Yesterday, veterans, royalty and celebrities descended on London’s Leicester Square for the much-anticipated world premiere of new blockbuster, Dunkirk - the film depicting the campaign which became one of the most remarkable episodes of the Second World War.

The Commission commemorates many of those lost during the campaign at its sites. The CWGC Dunkirk Memorial, designed by Philip Hepworth – the Commission’s Principal Architect for France after the Second World War – commemorates more than 4,500 members of the land forces who died during the Dunkirk Evacuation and have no known grave.

Some of the Commission’s staff were also among those rescued and lost.
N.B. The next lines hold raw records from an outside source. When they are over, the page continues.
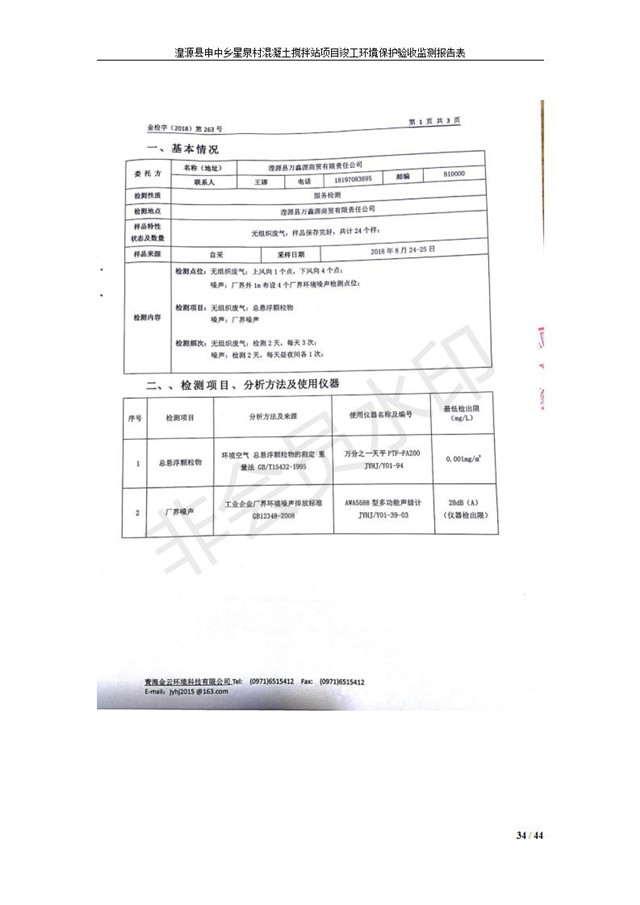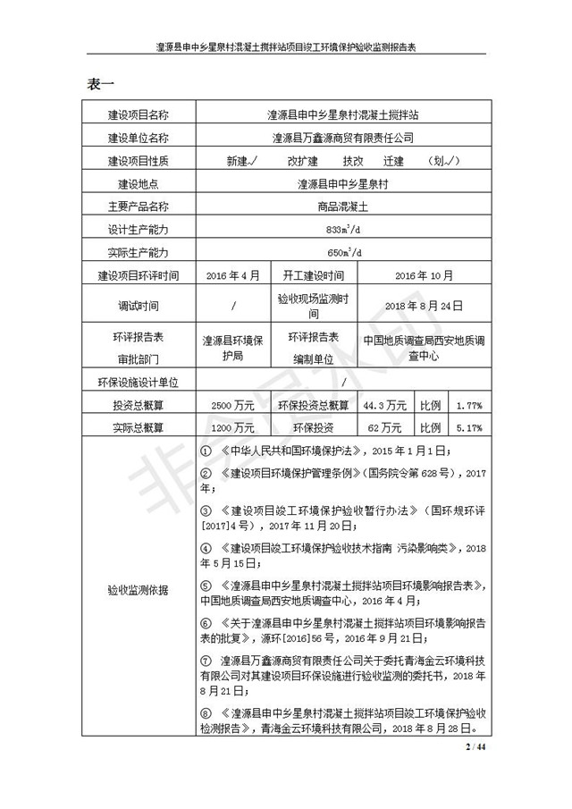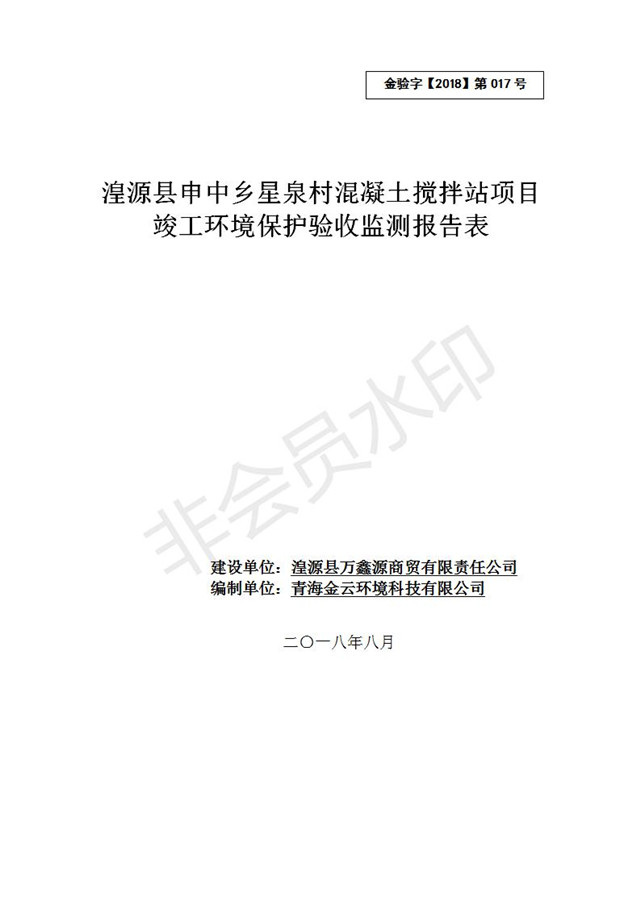 湟源縣申中鄉(xiāng)星泉村混凝土攪拌站項(xiàng)目竣工環(huán)境保護(hù)驗(yàn)收監(jiān)測報(bào)告表公示
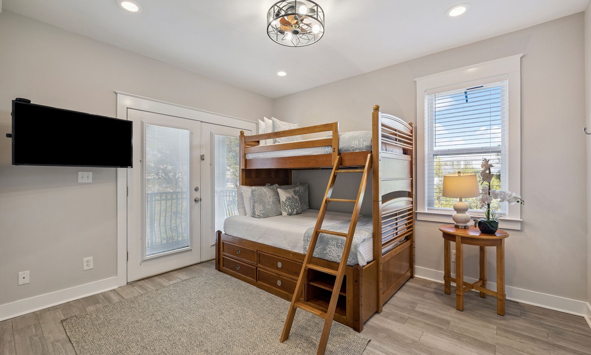 This was a perfect house for my family with 3 teenagers! There were so many spaces for different groups to hang out, whether playing video games in the carriage house, eating snacks on the top deck, or swinging on the front porch, there was always plenty of space. The bathrooms were great, the kitchen was stocked...we loved the empty pantry for all of our groceries! It was such a short walk to the beach, and across the street from the pool. Location was perfect! I can’t say enough great things...we feel very lucky to have rented this house!!!!
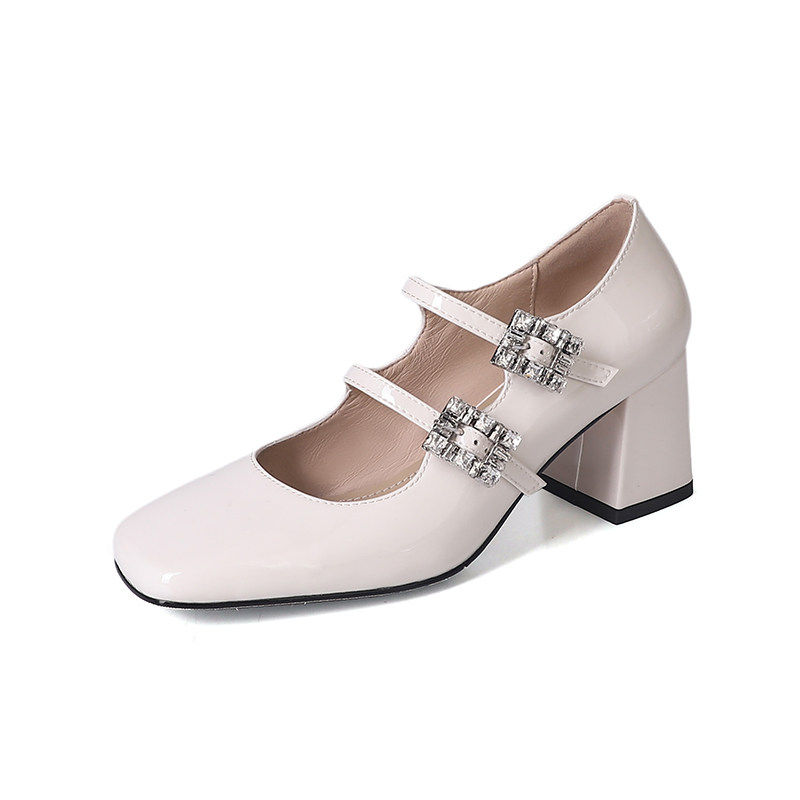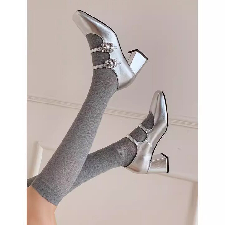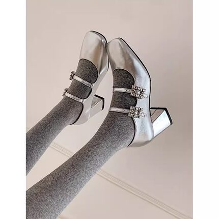 真皮法式晚风温柔配裙子玛吉珍高跟鞋粗跟小银鞋钻扣玛丽珍单鞋女
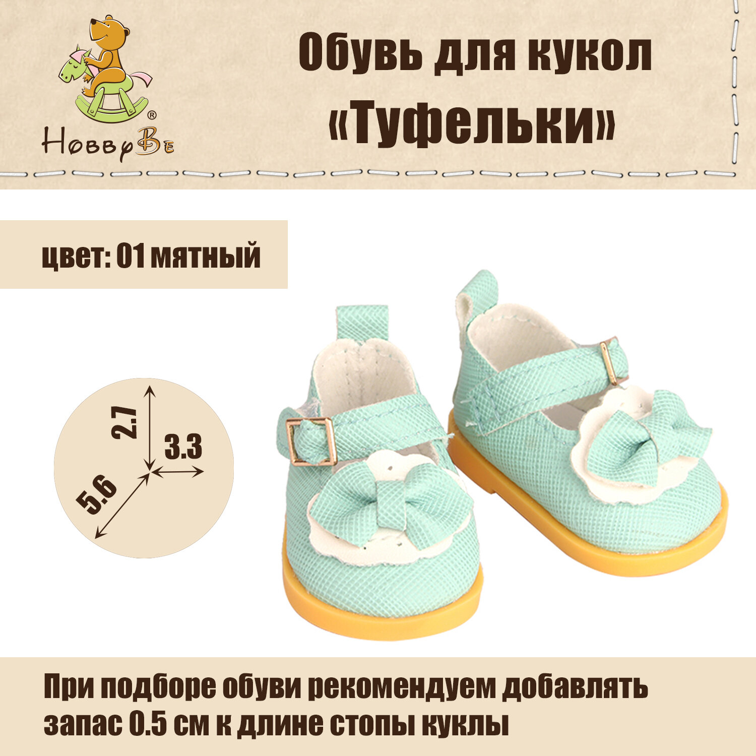 10 цен на Обувь для кукол "HobbyBe" KBG-8 аксессуары "Туфельки" 5.5 см 01 мятный
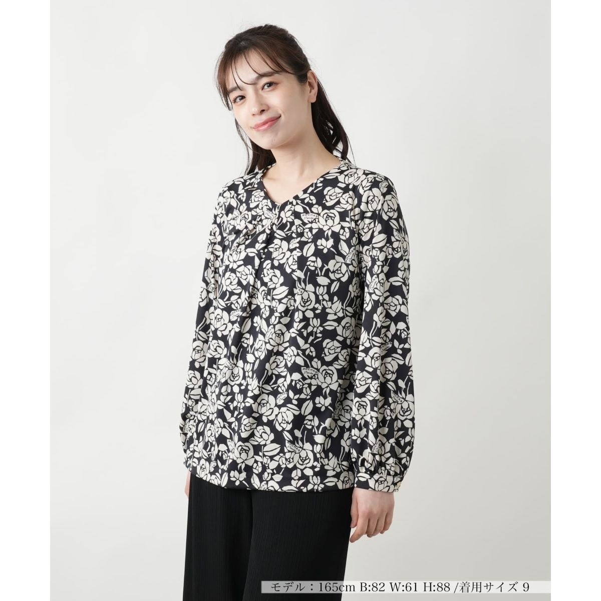 幾何学的なフラワーモチーフとロゴのコンビネーションが冴える、モダンなデザインのブラウス。ネックラインは程よく開きを持たせ、女性らしい抜け感を演出。巧妙に施されたタックが立体的なシルエットを作り出し、余裕を感じさせるエレガントな着こなしが完成します。ワイドパンツと合わせてリラックス感のある大人カジュアルに、スカートでまとめればフェミニンなスタイルにも仕上がり、幅広いコーディネートで活躍する一枚です。カフス部分、バックネックの涙あきはボタン開閉が可能。

Here, we look through the CWGC archive to share the stories of the Commission’s staff, and their families, who were evacuated, escaped and in some cases died in the campaign codenamed Operation Dynamo.

 

 

A special order was issued to Imperial (now Commonwealth) War Graves Commission (IWCG) staff in northern Europe on 18 May 1940 - days before the Royal Navy began the evacuation from Dunkirk - by the Commission’s Deputy Controller, Reginald Haworth, outlining the arrangements for evacuation.

 

 

A hand-drawn map of the route taken by IWGC personnel from Ypres to Calais, drawn by Captain Reginald Haworth, Chief Accountant for the IWGC, who had been sent to Ypres in October 1939 to take charge in the imminent emergency.

 

 

A list of IWGC staff who arrived safely in England on 14 June 1940, outlining where they came from, any family members with them and where they proceeded to. The Commission had to provide food and shelter for those who completed the journey across the Channel. One of the individuals on this list is Mrs Anne Eliza Shreeve, wife of Leopold George Shreeve, an IWGC gardener who was killed when German soldiers opened fire on the car he and his wife were travelling in, between Soupir and Vailly-sur-Aisne on 19 May 1940.

 

 

Others were less fortunate and found themselves imprisoned in internment camps as the above documents. One individual mentioned is Robert Armstrong, the head gardener at Valenciennes Cemetery in France. As an Irish national, Robert was considered neutral in the conflict and was allowed to continue to work in the cemetery by the German authorities.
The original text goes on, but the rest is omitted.